Does the world need movies based on video game characters? Not really. But a good story can spring up from anywhere, except perhaps from the minds of screenwriters Josh Miller and Patrick Casey whose credits are so sparse they literally feature “community television” and yet Sonic The Hedgehog will still not make their highlight real.
Sonic The Hedgehog isn’t bad but it is speeding in the exact opposite direction of good, leaving only lightning farts and a blue blur in its wake. Is Sonic allergic to not sucking? Okay, so it’s kind of bad. The script is bland and overly familiar and exceedingly safe. There’s nothing new or exciting here, just a paint-by-numbers that any idiot could have written, and in the case of Sonic, we got two. I mean: someone got paid for this. Miller and Casey literally cashed a cheque for writing the line “Let’s go do some ROCK-conaissance!” and Jim Carrey got a much, much bigger one to say it.

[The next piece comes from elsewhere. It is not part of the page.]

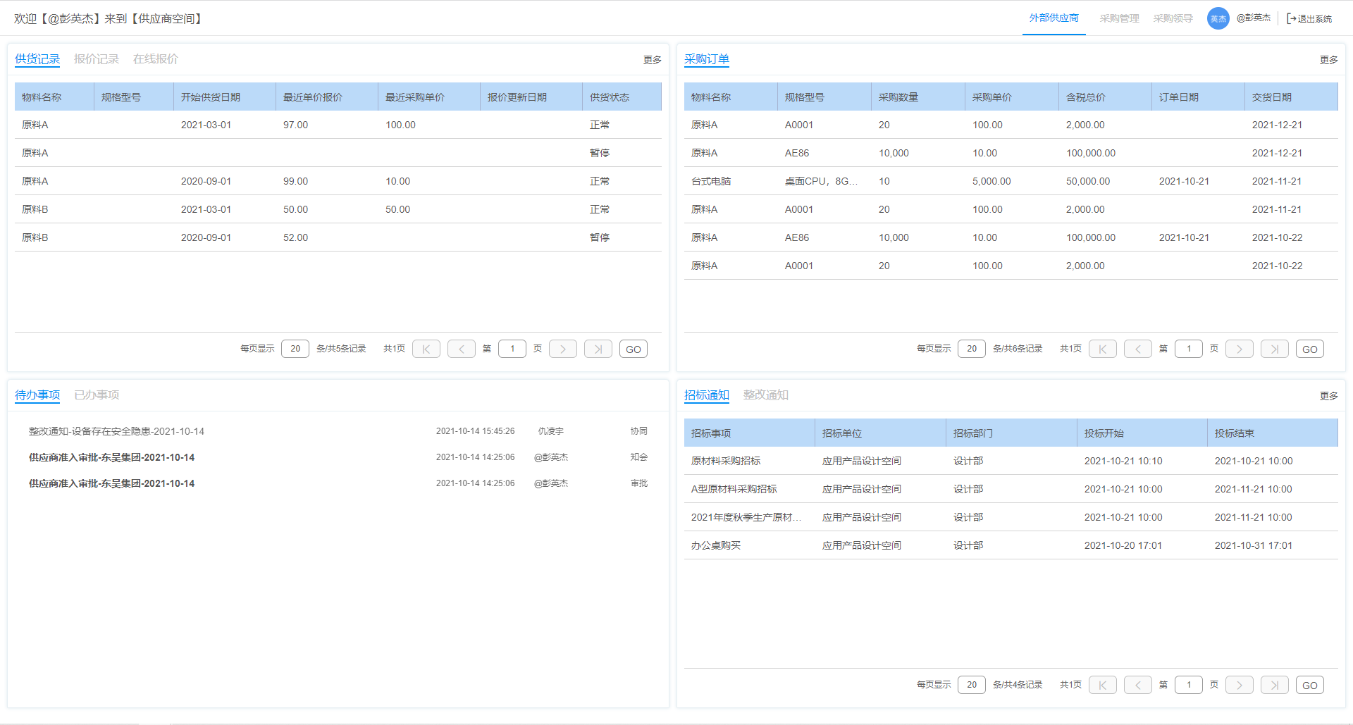 外部供應(yīng)商可以登錄供應(yīng)商門戶,在線更新自身供貨清單中的報(bào)價(jià),或者根據(jù)招標(biāo)信息在線投標(biāo)。相關(guān)數(shù)據(jù)或流程直達(dá)采購(gòu)的相關(guān)人員。
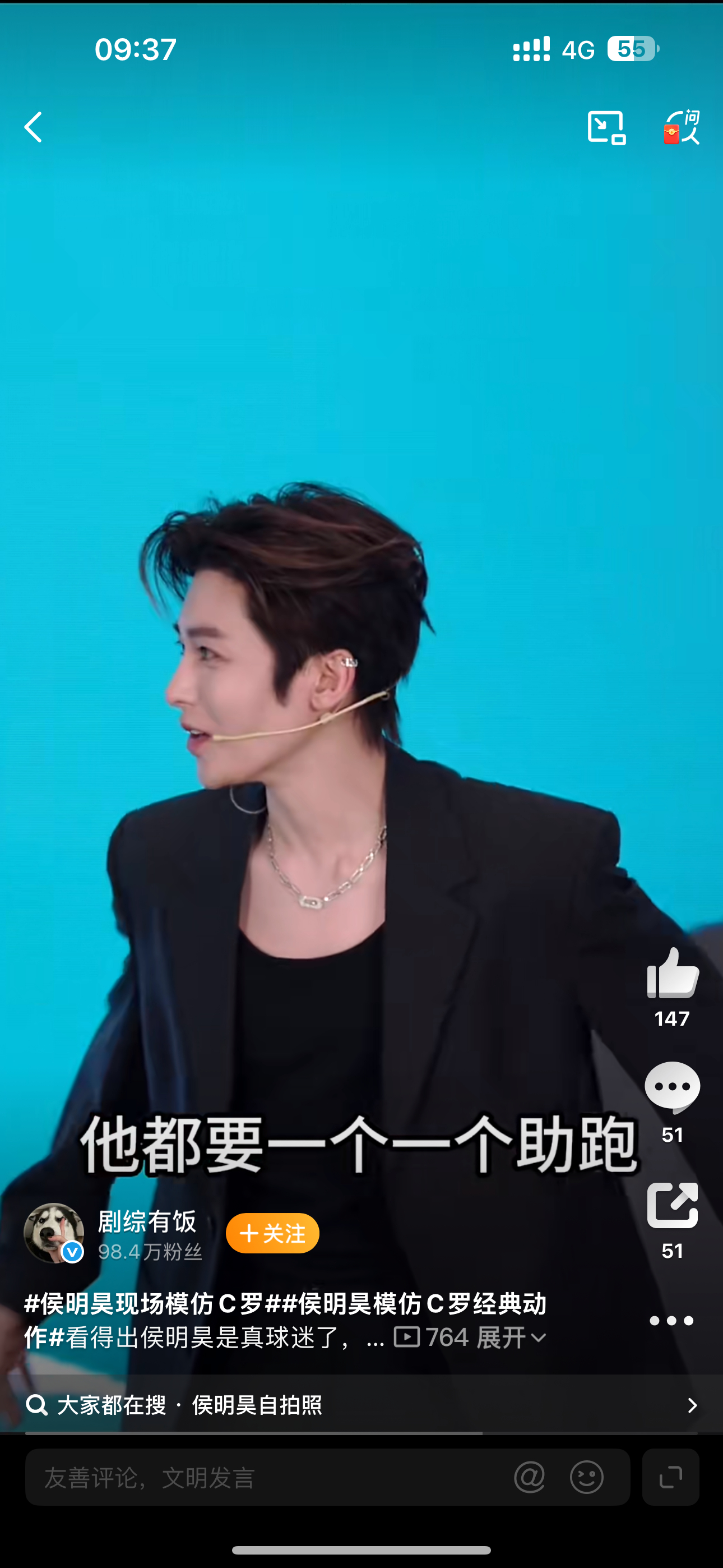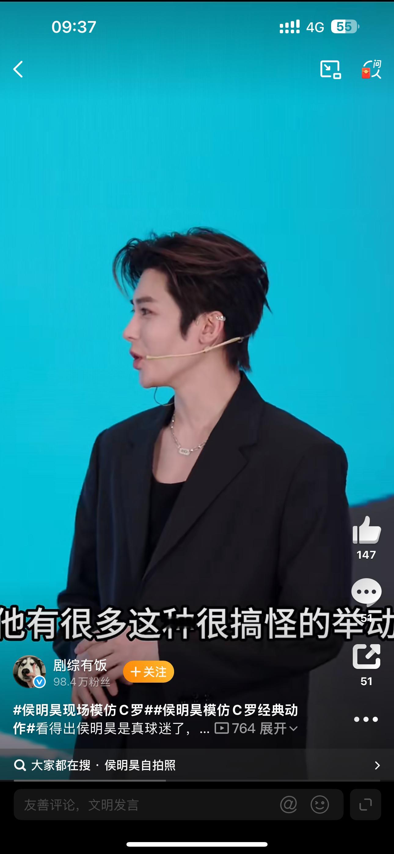 侯明昊分享看球装备侯明昊现场模仿C罗侯明昊看得出来很喜欢C罗了,真的挺不错的

And ugh: Jim Carrey. I was fine with him having disappeared off the face of the earth. I was never a fan of his annoying, rubber-faced schtick, the over-the-topness of his obnoxious expressions and over-enunciation. NOT. HERE. FOR. IT. I very kindly tolerate him when a director keeps a tight leash on him (Truman Show, Eternal Sunshine of the Spotless Mind) but Jeff Fowler is not that director. Not only is Carrey unleashed, it’s pretty clear he’s a very bad dog who’s probably pissing on Fowler’s shoes. Fowler, whose credits are no more impressive than Miller’s or Casey’s (ie, he’s never made a movie before), is quite content to simply point his camera in the right direction.
James Marsden, charming and inoffensive, is relegated to saying things like “Good grief!” which is not a thing for grown men to say, or anyone outside of Charlie Brown’s inner circle, really. Tika Sumptner, playing his wife, is given even less to do. Ben Schwartz voices Sonic, and though Schwartz is known for rather larger than life characters, you could go the whole movie without placing his voice, generic white guy à la Zach Braff.

Sonic The Hedgehog is the film equivalent of an oatmeal raisin cookie. Kids might reach for it simply because it is a cookie, but if chocolate or peanut butter or even plain old shortbread were on offer, it would be no question. But it’s just 6 weeks into this new year and it’s virtually the only family-friendly movie in theatres. This is how oatmeal raisin thrives: a complete dearth of options.